Adding user roles to my Django e-commerce site

Hey everyone! I just finished my Django e-commerce project and now I want to add different user roles like admin, staff, merchant, and customer. But I’m stuck and could use some help.

I’ve got a Customer model that looks like this:

class Customer(models.Model):
    user = models.OneToOneField(User, on_delete=models.CASCADE)
    contact = models.CharField(max_length=10)
    location = models.TextField(max_length=30)
    region = models.TextField(max_length=30)

    def __str__(self):
        return self.user.username

I tried to add a CustomUser model:

class CustomUser(AbstractUser):
    ROLE_CHOICES = (
        ('admin', 'Admin'),
        ('staff', 'Staff'),
        ('merchant', 'Merchant'),
        ('regular', 'Regular'),
    )
    role = models.CharField(max_length=8, choices=ROLE_CHOICES, default='Regular')

    def is_administrator(self):
        return self.role == 'admin'

    def is_employee(self):
        return self.role == 'staff'

    def is_seller(self):
        return self.role == 'merchant'

But now my login, logout, and registration aren’t working.
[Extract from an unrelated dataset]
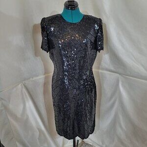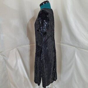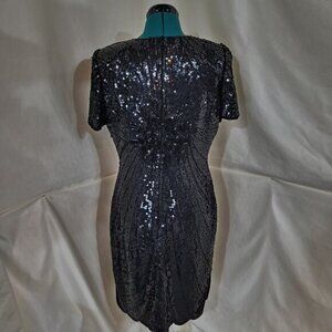 Vintage Joseph Ribkoff 1980s Black Silk and Sequin Cocktail Prom Dress - Small
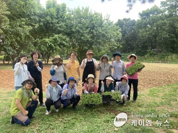 (케이엠뉴스) 수원시농업기술센터가 시민 30여명과 함께 28일 탑동시민농장에 천일홍 모종 5만 본을 식재해 2200㎡ 규모의 천일홍 경관 단지를 조성했다.

Any ideas on how to fix this and get the user roles working? Thanks!

Hey RollingThunder! Your project sounds exciting! :smiley:

I’m curious, have you considered using Django’s built-in permissions system instead of creating a custom role field? It might be easier to manage and less likely to break your existing auth setup.

What if you created permission groups for each role (admin, staff, merchant, customer) and then assigned users to those groups? You could then use Django’s @permission_required decorator to control access to different views.

Something like:

from django.contrib.auth.decorators import permission_required

@permission_required('can_access_admin_panel')
def admin_view(request):
    # Your admin view logic here

What do you think about this approach? Have you tried it before?

Also, I’m wondering what specific issues you’re having with login and logout after adding the CustomUser model. Are you getting any error messages? It might help to share those if you have them!

Keep us posted on how it goes! :+1:

hey RollingThunder, looks like ur progress is solid. for user roles, try using django built-in groups. it’s simpler and likely won’t mess auth. just create groups for each role and assign users. then use @user_passes_test decorator for access control. hope this helps!